翌日、ネット上に新たな爆破予告が出現。夕方の犯行予告に、場所は不明と記されていた。動揺する芹沢のもとに、西条、吉良、基山が駆けつける。そして、署に呼び出されたのは大学院生の今野だ。

盗まれていたのは警備員の指紋だった。犯人はそれを利用してセキュリティを突破し、オランウータンの偽の足跡まで残していた巧妙な手口が明らかになる。追及される今野は犯行を認めるも、爆弾の場所については沈黙を貫く。森教授への崇拝と、その挫折への怒りが犯行の動機だった。

いよいよ最終回を迎えた『ギークス~警察署の変人たち~』。事件解決後、いつもの居酒屋で、変わらぬ会話を交わす3人ののんびりとした日々は、これからも続いていく。しかし私たちは、この温かな木曜の夜の風景をもう見られないと思うと、胸に何とも言えない寂しさが残る。

本作は、好奇心旺盛で、卓越した知識や技術を持ちながら、それぞれ異なる形で人間関係に苦手意識を抱く3人をポップに描きつつ、その根底では「無理にわかりあわなくてもいい」という静かなメッセージを伝えていたように思う。

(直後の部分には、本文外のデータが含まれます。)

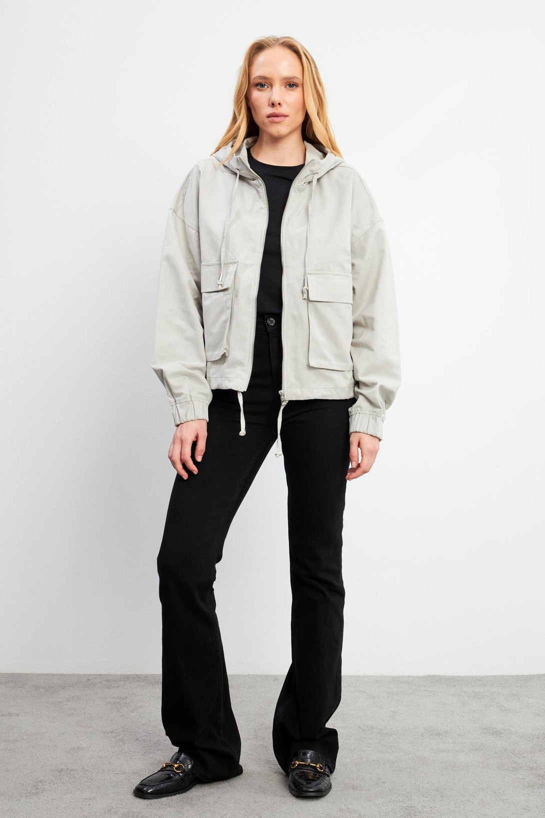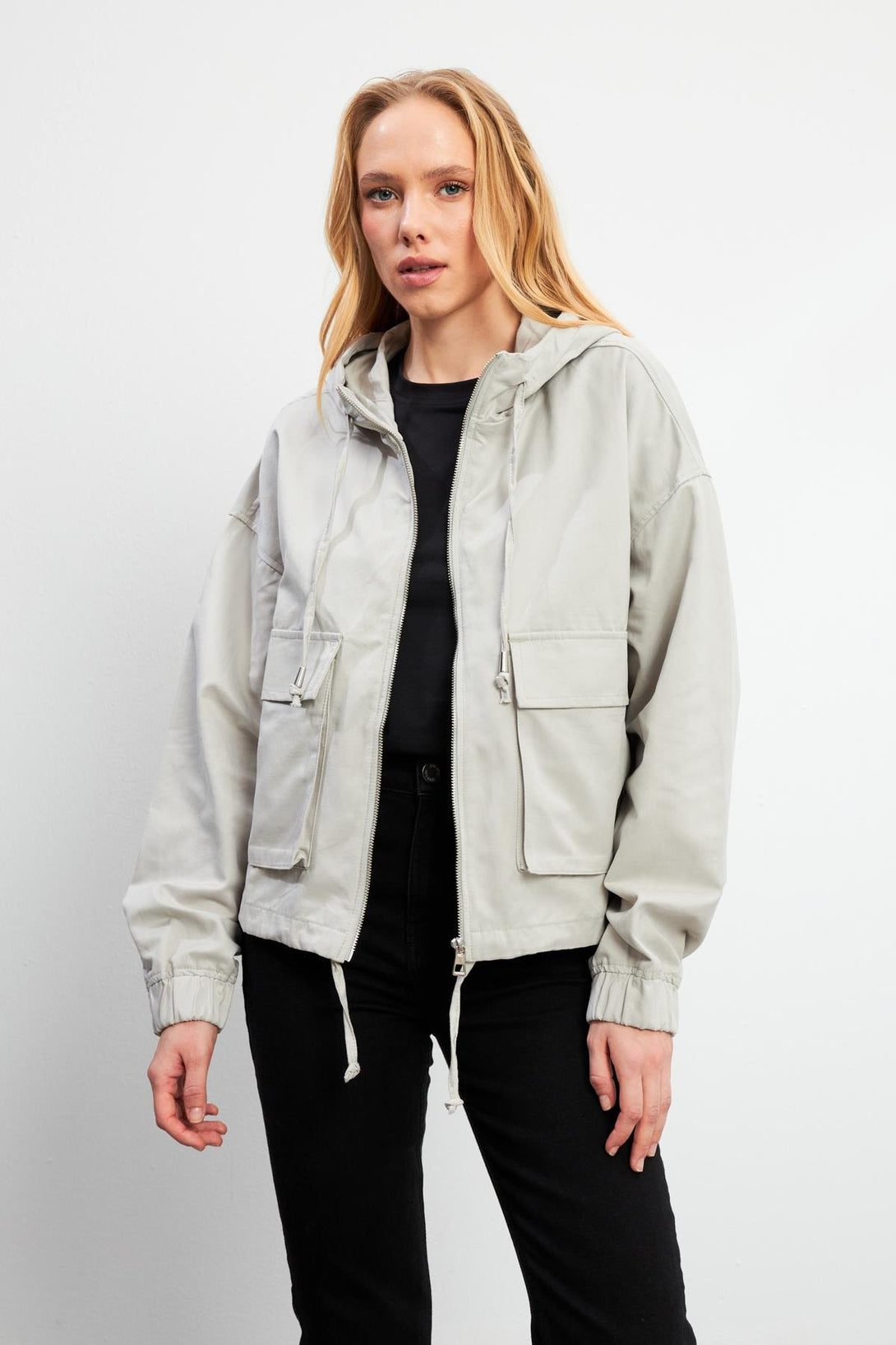 Kadın Meggy Kapüşonlu Rüzgarlık Ceket - Gri
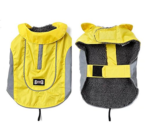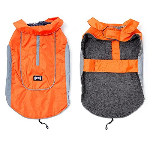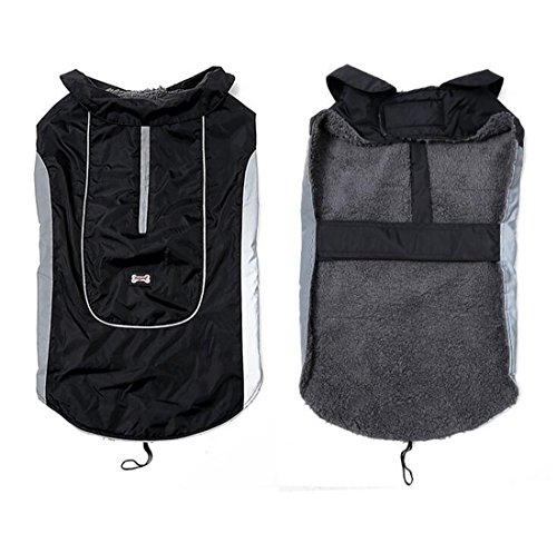 -. Feature : Material:Inner fabric:warm soft fleece ,Upper fabric:water proof. / Professional quality:Waterproof polyester fabric with safety reflecting brim,double zipper for collar and harness ring. / Inner layer plush,comfortable soft ,just like second layers of dogs hair ,keep them warm during all winter . / Perfact choise for small,medium ,large dogs to walk or play outdoor,or travel and skiing. / The same weight dogs differ in breeds may wear different sizes of clothes,so we need to combine the dog's specific size and
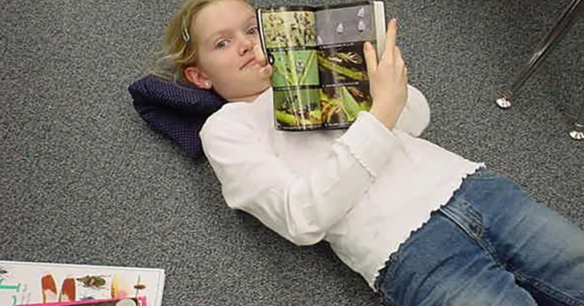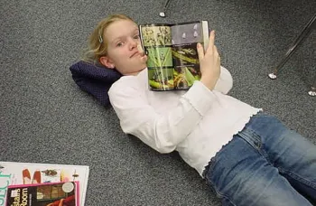 Jill Oberski is in the third grade, stretched out on the classroom floor reading her "Audubon Field Guide to Insects and Spiders of North America." Another insect publication is within reach.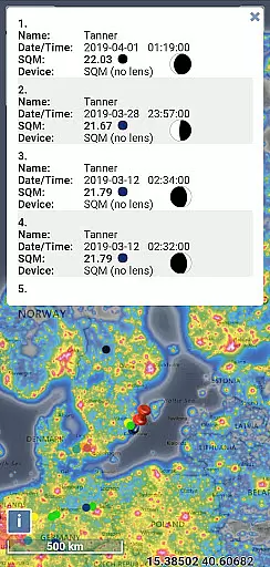 Another notable aspect is the variety of mapping tools available. These include point/area info, moon info, brightness simulation, finding the closest dark site, and even adding your own SQM measurements. The app supports offline usage with World Atlas 2015 caching, ensuring accessibility even without an internet connection. Its intuitive interface, smooth controls, and fullscreen mode make navigation seamless, while the clean design respects user privacy by avoiding ads and tracking.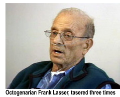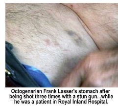 uses stun gun on 82-year old heart patient in An 82-year old Kamloops, British Columbia bypass recipient was rushed to Royal Inland Hospital on March 22, 2008 with emphysema aggravated by pneumonia. The patient, former prison guard Frank Lesser, suffered from a form of dementia triggered by his breathing difficulties. Lasser's breathing disorder required him to carry a portable oxygen tank at all times. Lasser entered the hospital as an inpatient through the emergency room. He was assigned a bed and an "air-conditioned" hospital gown.

例えば、基山の一人暮らし決意に見られるように、家族の問題を全て背負わずとも、各々が自立することで互いを支え合う道もある。西条が父親のことで行き詰まった時には、安達がそっとヒントをくれた。吉良と馬場園市長(ウエンツ瑛士)の関係性の変化もそうだ。無理に分かり合えなくても、ありのままの自分でいても、誰かがほんの少し寄り添ってくれる。そんなゆるっとした安心感が、本作には終始漂っていたように思う。

そしてそれは、本作を作り上げた演者やスタッフの中にも流れていた空気なのかもしれない。クランクアップを迎えた松岡茉優は「この現場の一番好きなところは、会社で言うところの上司部下にあたる人たちが、その垣根を越えてフラットに接しているところでした。各部が各部に敬意を持っているから、学校のような青春感が保たれていたのかなと思います」とコメントを残していた。

互いに敬意を持ちつつも、飾らずに接するという姿勢。それこそが、“ギーク”な3人が教えてくれた、人間関係をほんの少し豊かにする秘訣なのだろう。井戸端会議とまでは言わずとも、ちょっとした雑談ができる誰かがいる日常。そんな自分の周りにある小さな幸せに、改めて気付かされた気がした。

『ギークス~警察署の変人たち~』は、その独特の世界観と温かい人間ドラマで、多くの視聴者に愛された作品となった。最終回を迎え、3人のこれからが楽しみになる一方で、寂しさも感じさせる。しかし、彼らの物語は、私たちの心に深く刻まれ、これからも温かい思い出として残り続けることだろう。